Thank you for you reply yet coating the mulch, because it is mulch, is not practical.  Is there a silicone roof product that would allow me to spread the mulch over it then gently press?


----------



## kok328 (Jun 11, 2016)

If your staying above water then silicone will work.


----------



## Sparky617 (Jun 11, 2016)

Personally, I'd go with rock around the perimeter of the pond.


----------



## oldognewtrick (Jun 11, 2016)

Sparky617 said:


> Personally, I'd go with rock around the perimeter of the pond.



:agree: it will lend to a more natural look.

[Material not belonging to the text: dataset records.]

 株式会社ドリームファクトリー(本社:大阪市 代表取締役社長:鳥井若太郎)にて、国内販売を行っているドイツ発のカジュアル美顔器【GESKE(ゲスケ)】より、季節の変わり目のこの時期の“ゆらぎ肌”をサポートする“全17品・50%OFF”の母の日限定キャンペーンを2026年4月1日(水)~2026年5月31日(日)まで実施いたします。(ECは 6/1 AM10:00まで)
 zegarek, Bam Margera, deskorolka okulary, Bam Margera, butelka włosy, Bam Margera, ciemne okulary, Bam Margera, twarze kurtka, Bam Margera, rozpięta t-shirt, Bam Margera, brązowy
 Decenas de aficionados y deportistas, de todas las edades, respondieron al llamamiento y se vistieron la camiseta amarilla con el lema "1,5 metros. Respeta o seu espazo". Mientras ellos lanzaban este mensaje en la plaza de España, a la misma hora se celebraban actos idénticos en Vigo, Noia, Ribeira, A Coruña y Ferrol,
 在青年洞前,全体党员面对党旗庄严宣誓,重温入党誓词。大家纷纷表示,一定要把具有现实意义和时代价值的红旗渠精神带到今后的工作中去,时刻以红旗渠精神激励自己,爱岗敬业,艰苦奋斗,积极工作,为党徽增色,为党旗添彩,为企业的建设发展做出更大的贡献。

Just my:2cents:


----------



## frodo (Jun 13, 2016)

i have built 3 ponds with this liner,  have never had a problem with any of them,   you can shape the pond any shape you choose

 spread the adhesive on the material,  when it gets tacky,  cover in sand
let it sit. then brush away the excess sand,  the liner is camouflaged with the sand.


----------



## TxHomeowner (Jun 13, 2016)

frodo said:


> i have built 3 ponds with this liner,  have never had a problem with any of them,   you can shape the pond any shape you choose
> 
> spread the adhesive on the material,  when it gets tacky,  cover in sand
> let it sit. then brush away the excess sand,  the liner is camouflaged with the sand.

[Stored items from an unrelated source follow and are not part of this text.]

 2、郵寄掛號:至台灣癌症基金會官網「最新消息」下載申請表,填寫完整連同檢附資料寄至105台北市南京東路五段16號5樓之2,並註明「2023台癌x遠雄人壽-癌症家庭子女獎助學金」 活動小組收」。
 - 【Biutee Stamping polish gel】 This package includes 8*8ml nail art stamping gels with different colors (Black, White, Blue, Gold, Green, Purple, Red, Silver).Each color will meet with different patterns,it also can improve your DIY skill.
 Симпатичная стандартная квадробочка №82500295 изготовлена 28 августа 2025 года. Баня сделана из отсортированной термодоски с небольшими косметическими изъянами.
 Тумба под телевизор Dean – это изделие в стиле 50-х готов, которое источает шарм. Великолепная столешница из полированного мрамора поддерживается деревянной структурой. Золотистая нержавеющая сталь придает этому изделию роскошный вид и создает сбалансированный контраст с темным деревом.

That's great!  I've seen that material many times.  While your material is PVC mine is EDPM.  Wondering if your referenced adhesive works on EDPM?


----------



## frodo (Jun 13, 2016)

http://www.firestonebpe.com/en/roofing/rubbergard-epdm/products/accessories/adhesives

http://www.thefishtender.com/rocktorubber.html


----------



## oldognewtrick (Jun 13, 2016)

EPDM, will fail at the seams if they are under water. The glue joint is the weakest link. EPDM is not a good material to use if you plan on having fish.


----------



## TxHomeowner (Jun 13, 2016)

oldognewtrick said:


> EPDM, will fail at the seams if they are under water. The glue joint is the weakest link. EPDM is not a good material to use if you plan on having fish.



There are no seems underwater.  Please read my original post.  Thanks


----------